I wonder,had it been made in a better period for the band,if Pink Floyd could get a better result out of this work.This is a less progressive and more direct album than any other the band ever made before.Though it's clearly still Pink Floyd,this new sounding doen't please me at all.At times,the album sounds like commercial pop(though I believe this is intentional),like in Young Lust and Waiting For the Worms.Others,it's just a collection of weird sounds superficially intended to narrate a story.Well,The Who did the same thing and obtained a wonderfull result in their masterpiece,but something presented in Tommy simply lacks in The Wall.

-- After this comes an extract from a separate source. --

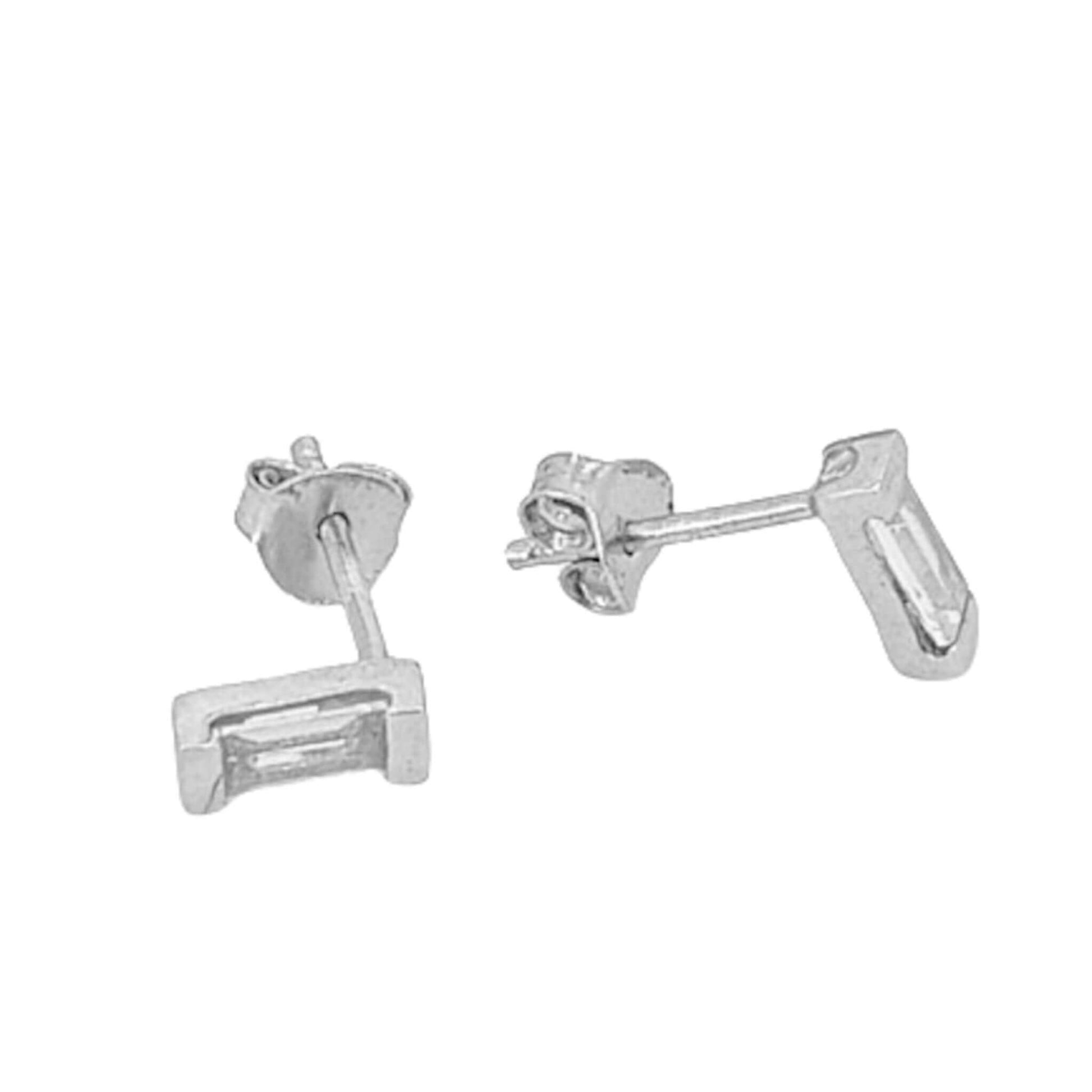 - Diseño: Estos pendientes tienen un largo de 7 mm y presentan una circonita blanca rectangular como pieza central, que aporta un toque de elegancia y modernidad.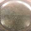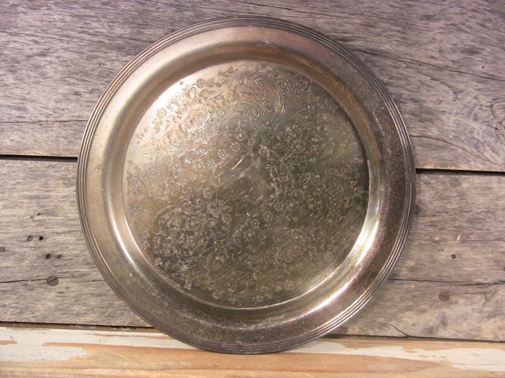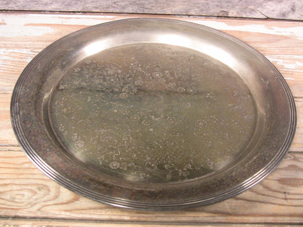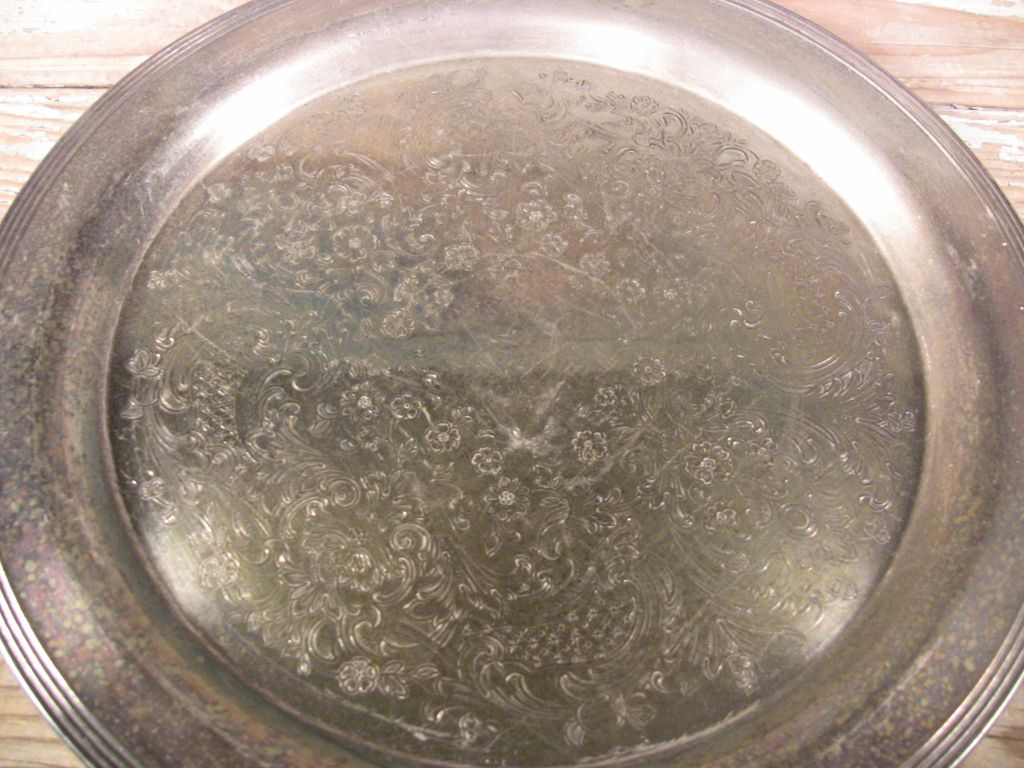 - Round vintage silverplated serving tray in good condition with wear, tear, and patina from age and use; fine scratches throughout; no damage. Beautiful round vintage silverplate serving tray features intricate floral pattern on base, sloped border, and a triple-banded rim; makes an elegant display when not in use.

It's not fair,however,to say that the album fails to captivate.The story told througout two discs really draws you into it(that is,if you can understand it at all.Well,a few listens are enough to get something out of it).But that's where the album fails:one may get excited by the captivating story,but that doesn't make the gaps of nothingess in beween the most important compositions dissapear.Since the first track,this album makes a promise it never fullfils:to reach a climax in which story and music would be deeply related to create the album's centerpiece(take for exaple Carpet Crawlers or Pinball Wizard).This grants The Wall a somewhat disorientated feel that is hard to ignore.

Musically,the highlights are the three parts of Another Brick In the Wall(then again,the monstruos success of the second part is ridiculously overlooked),Goodbye Blue Sky,Hey You and Comfortably Numb.Most of the remaining tracks are listenable due to the fact that you just want to follow the story,reading th lyrics and following the unfitable mood changes, song by song(hardly noticeable,though,if you're into the story that is being told).To the point that the music contained in Side B of disc 2 is no more than a vehicle for the on-going script.

It's really a shame that the band maintained so few of it's roots in this album(even though they were one of the very feel prog survivors to the Punk momevent).Maybe something more in the mood of Wish You Were Here could be suitable for this specific concept.

Which leads to the big question:why do people and critics praise it so much?My guess is that the highly elaborated concept(plus the movie adaptation)and the cult songs in which the rest of the album's music is hold on are enough to make a masterpiece out of it.I just cannot grant it more than 3 stars.